И, задумавшись на секунду, добавила:
-- Ни для меня, ни для кого. А если честно -- то будущего сегодня нет ни для кого на всей этой планете. Перед рассветом на Wiese der Abschied они начнут сжигать своих мертвецов. Будут жечь тела не только тех, кто в течение года умер или погиб, но и кто добровольно оставил жизнь с помощью обезболивающего укола. Потом каждому из нас отсыплют по горсти их пепла, одну часть которого нужно будет съесть, а другую -- носить в ладанке, как талисман. Хотят, чтобы мы перестали бояться смерти -- ведь если не испытывать ни малейшего страха перед чужой смертью, то воля умершего должна войти в тебя...
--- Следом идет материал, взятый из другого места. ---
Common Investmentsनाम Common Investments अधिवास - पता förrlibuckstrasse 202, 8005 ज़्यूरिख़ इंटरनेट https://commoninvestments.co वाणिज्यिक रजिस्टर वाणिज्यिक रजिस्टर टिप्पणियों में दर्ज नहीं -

-- Мне уже говорили об этом. Но это, кажется, какой-то бред. Ты в это веришь?
-- Я не знаю, мне всё равно. Они хотели научить меня не бояться смерти -- это факт, и я её теперь не боюсь. Но я и не хочу, чтобы они могли забрать себе хоть что-то от меня. Хочу поэтому исчезнуть так, чтобы от меня ничего не осталось -- ни праха, ни записи моих дел и моих мыслей, ни даже моего имени. Ничего!..
Алексей не знал, что ответить, и надолго замолчал. Костёр снова стал гаснуть, однако он не решался встать, чтобы подбросить дров, не желая оставлять даже на короткий миг Ханну -- от волнения по телу которой стала пробегать лёгкая дрожь и которую теперь он сам должен был согревать собственным теплом.
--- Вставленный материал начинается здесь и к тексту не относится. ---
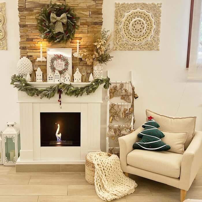 This corner glows. A small bio-ethanol fireplace, stone surround, and a simple garland with little white houses on the mantel. Next to it, an advent ladder holds linen pouches numbered for treats. A chunky knit throw pools on the floor. It reads Scandinavian and bohemian at the same time. Clean lines, soft materials, and that tiny real flame for romance.

-- Я слышу шаги, это возвращается Петра, -- прервала молчание Ханна. -- Она хорошая добрая девушка, но об этих грустных вещах с ней лучше не говорить. И ещё, пожалуйста: если ты встретишь кого-то из начальства, не рассказывай, заклинаю, что ты был наедине со мной.
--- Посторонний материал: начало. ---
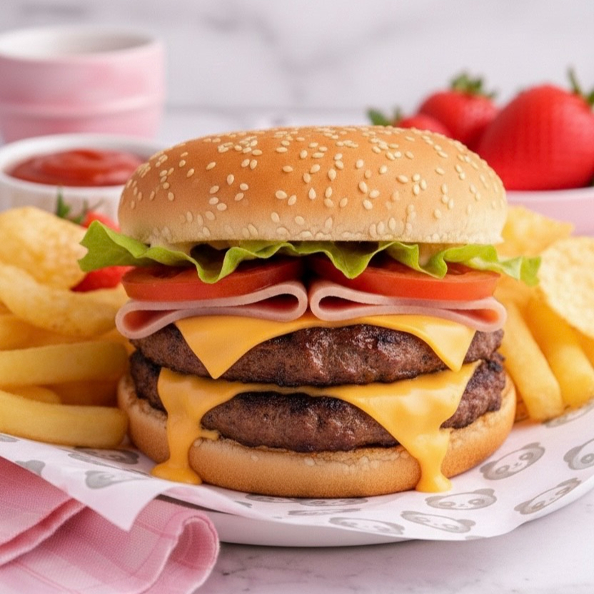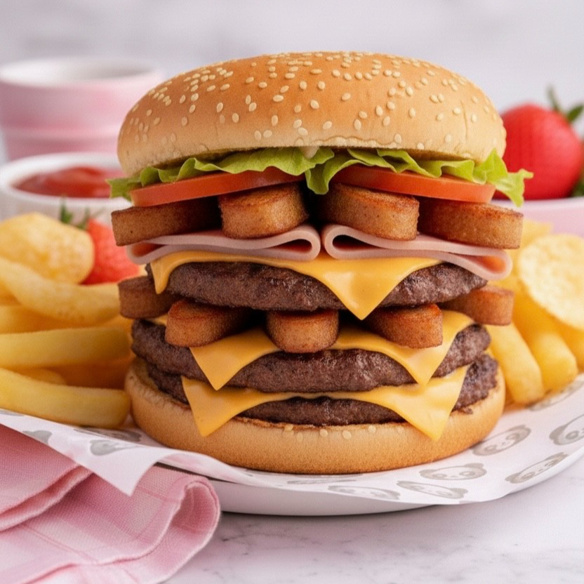 Tres niveles de carne jugosa, queso derretido y todos los extras. Incluye papas fritas.

-- Конечно, я ничего никому не скажу... Но в чём дело? Разве не для подобных встреч наедине всё это и было придумано?
-- Так только кажется. Здесь для каждого навсегда определён свой круг. Мой круг -- тот, где я должна быть с Петрой, понимаешь?
-- Понимаю. Не хочу подводить тебя. Может быть, мне лучше уйти?
-- Не надо, Петра мена не выдаст. Главное, чтобы наши с ней браслеты показали, что мы снова вместе...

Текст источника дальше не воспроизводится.